An indescribable ornamentation has been chosen for this threshold; on the enormous posts are a kind of wavy clouds, or ocean-billows, in the centre of which here and there appear the tentacles of medusæ, the ends of paws, the claws of crabs, the ends of long caterpillars, flat and scaly,—all kinds of horrible fragments, imitated in colossal size with a striking fidelity, and making you think that the beasts to which they belong must be hidden there within the walls ready to enfold you and tear your flesh. This splendour has mysteriously hostile undercurrents; we feel that it has many a surprise and menace. Above our heads the lintels are, however, ornamented with large, exquisite flowers in bronze, or gold: roses, peonies, wistaria, and spring branches of full-blown cherry-blossoms; but, still higher, horrible faces with fixed death’s-head grimaces lean toward us; terrible things of all shapes hang by their golden wings from the golden beams of the roof; we perceive in the air rows of mouths split open with atrocious laughter, and rows of eyes half-closed in an unquiet sleep.
An old priest, aroused by the noise of our footsteps on the gravel in the silence of the court, appears before us on the bronze threshold. In order to examine the permit which I present to him, he puts a pair of round spectacles on his nose, which make him look like an owl.
My papers are in order. A bow, and he steps aside to let me enter.
It is gloomy inside this palace, with that mysterious semi-twilight which the Spirits delight in. The impressions felt on entering are grandeur and repose.
The walls are of gold and the ceiling is of gold, supported on columns of gold. A vague, trembling light, illuminating as if from beneath, enters through the very much grated and very low windows; the dark, undetermined depths are full of the gleamings of precious things.
Yellow gold, red gold, green gold; gold that is vital, or tarnished; gold that is brilliant, or lustreless; here and there on the friezes and on the exquisite capitals of the columns, a little vermilion, and a little emerald green; very little, nothing but a thin thread of colour, just enough to relieve the wing of a bird and the petal of a lotus, a peony, or a rose. Despite so much richness nothing is overcharged; such taste has been displayed in the arrangement of the thousands of diverse forms and such harmony in the extremely complicated designs, that the effect of the whole is simple and reposeful.
Neither human figures nor idols have a part in this sanctuary of Shintoism. Nothing stands upon the altars but large vases of gold filled with natural flowers in sheaves, or gigantic flowers of gold.
No idols, but a multitude of beasts, flying or crawling, familiar or chimerical, pursue each other upon the walls, and fly away from the friezes and ceiling in all attitudes of fury and struggle, of terror and flight. Here, a flock of swans hurry away in swift flight the whole length of the golden cornice; in other places are butterflies with tortoises; large and hideous insects among the flowers, or many death-combats between fantastic beasts of the sea, medusæ with big eyes, and imaginary fishes. On the ceiling innumerable dragons bristle and coil. The windows, cut out in multiple trefoils, in a form never before seen and which give little light, seem only a pretext for displaying all kinds of marvellous piercings: trellises of gold entwined with golden leaves, among which golden birds are sporting; all of this seems accumulated at pleasure and permits the least possible light to enter into the deep golden shadows of the temple. The only really simple objects are the columns of a fine golden lacquer ending with capitals of a very sober design, forming a slight calix of the lotus, like those of certain ancient Egyptian palaces.

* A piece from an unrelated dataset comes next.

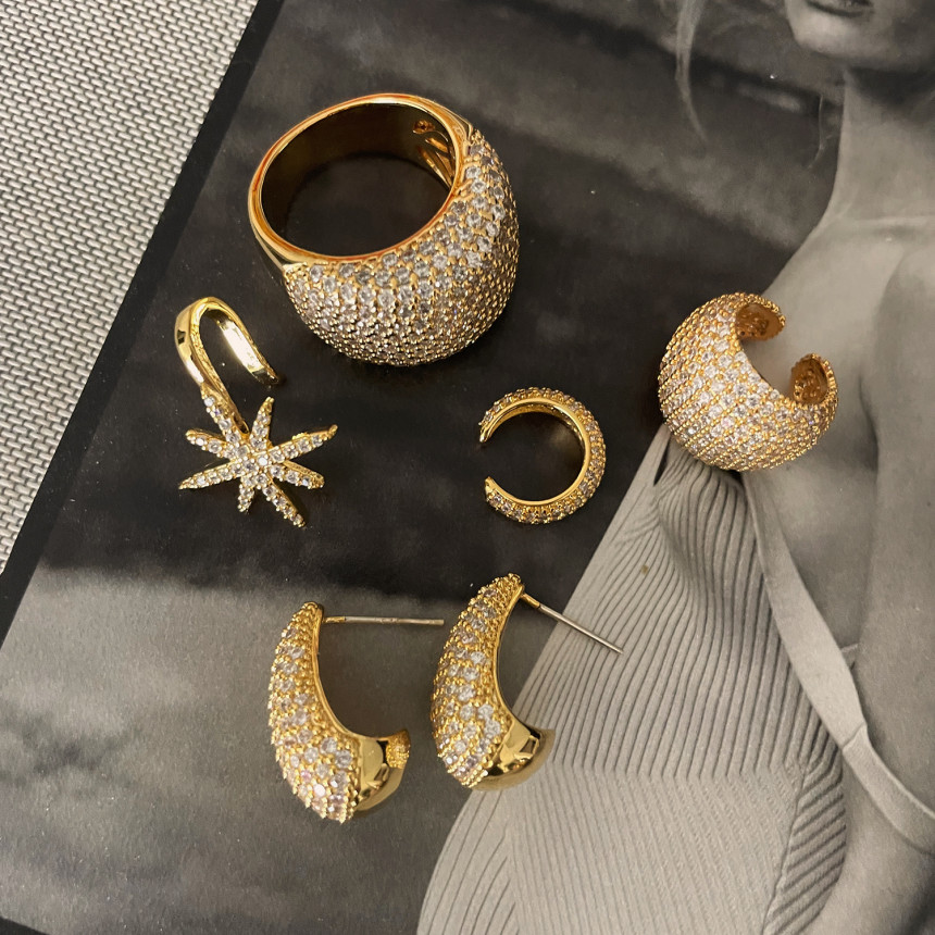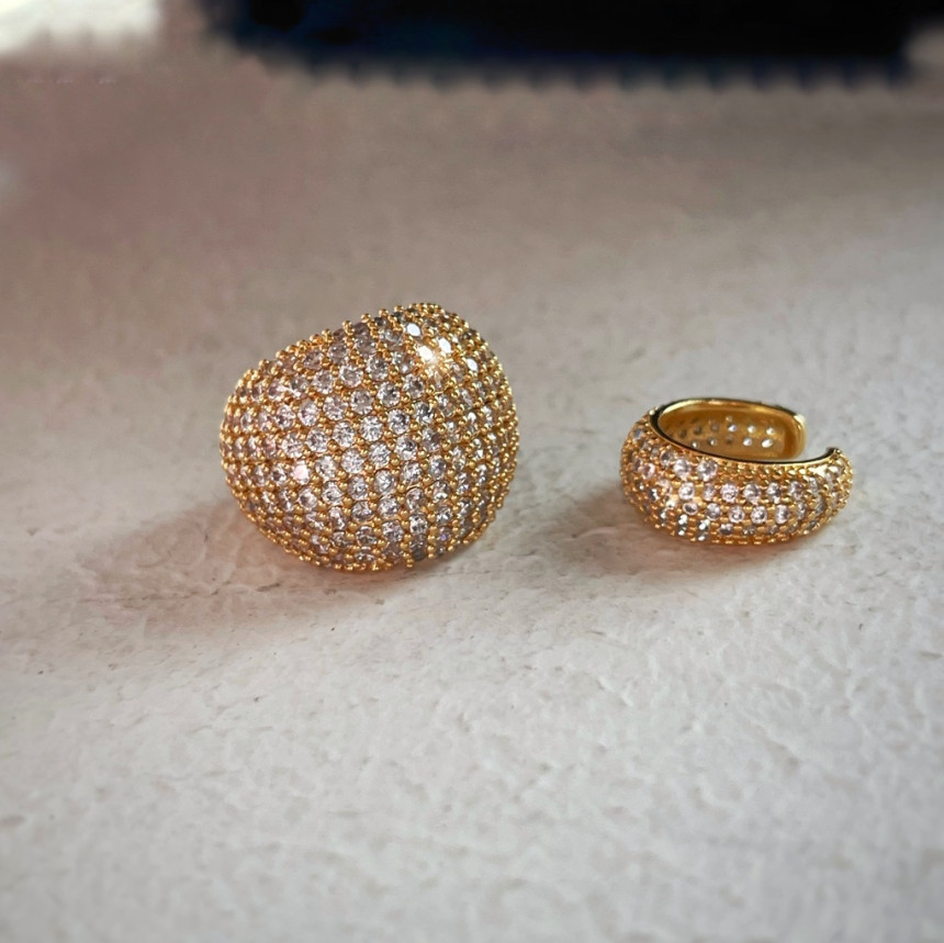 블링블링하게 빛나는 볼륨의 파베 이어커프가 매우 고급스러운 디자인입니다.
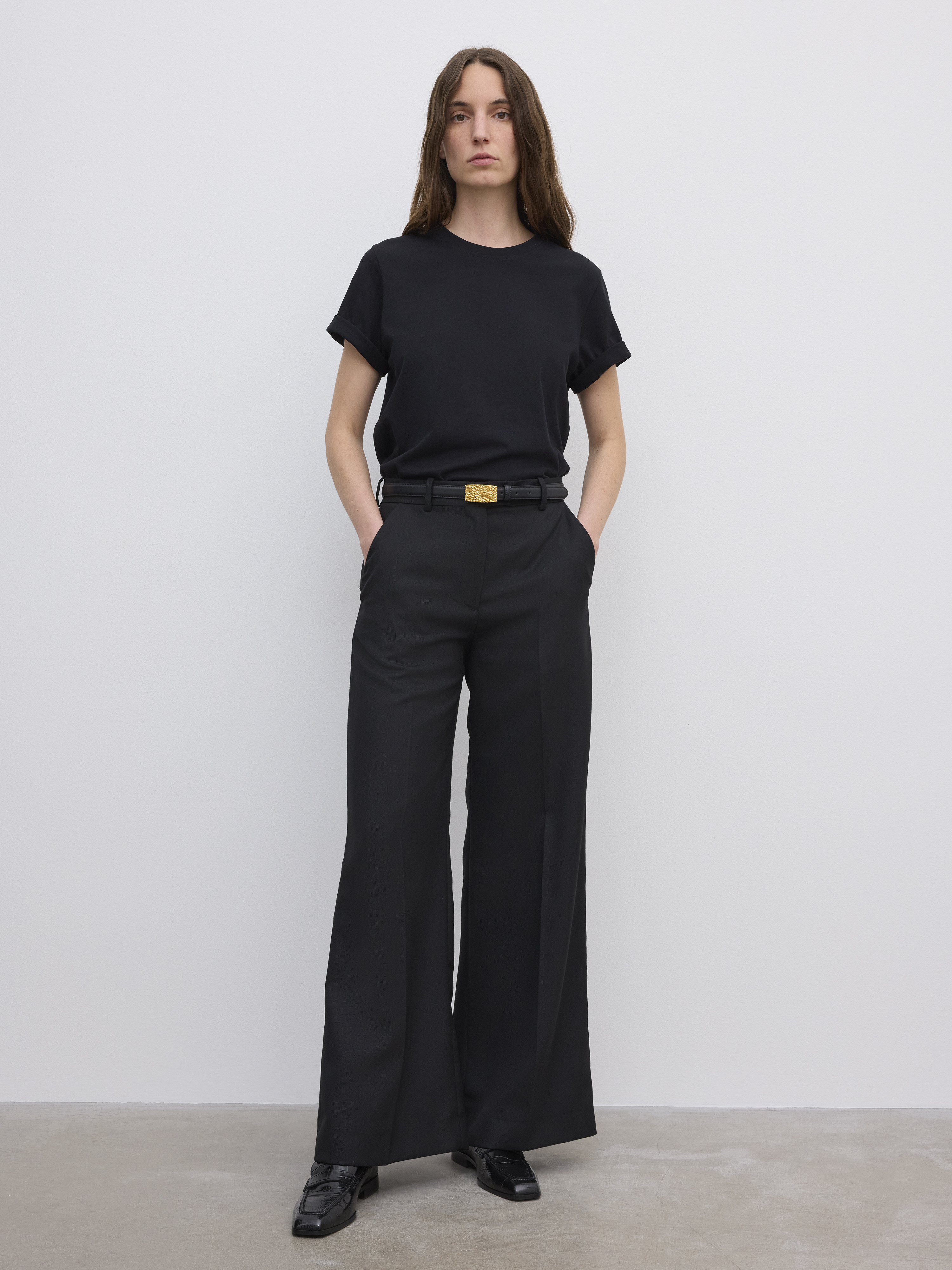 Mid-rise trousers featuring a wide leg frame, tailored waistband and pressed creases. FIT & SIZING Model is 177cm/ 5'8" and is wearing a size 36, UK 8, US 4. MATERIAL 55% Polyester, 45% Wool GARMENT CARE Machine wash 30 GARMENT ORIGIN Produced in Portugal

We could spend days in admiring separately each panel, each pillar, each minute detail; the least little piece of the ceiling, or the walls would be a treasure for a museum. And so many rare and extravagant objects have succeeded in making the whole a composition of large quiet lines; many living forms, many distorted bodies, many ruffled wings, stiff claws, open mouths, and squinting eyes have succeeded in producing a calm, an absolute calm, by force of an inexplicable harmony, twilight, and silence.
I believe, moreover, that here is the quintessence of Japanese Art, of which the specimens brought to our collections of Europe cannot give the true impression. And we are struck by feeling that this Art, so foreign to us, proceeds from an origin so different; nothing here is derived, ever so remotely, from what we call antiquities—Greek, Latin, or Arabian—which always influence, even if we are not aware of it, our native ideas regarding ornamental form. Here the least design, the smallest line,—everything—is as profoundly strange as if it had come from a neighbouring planet which had never held communication with our side of the world.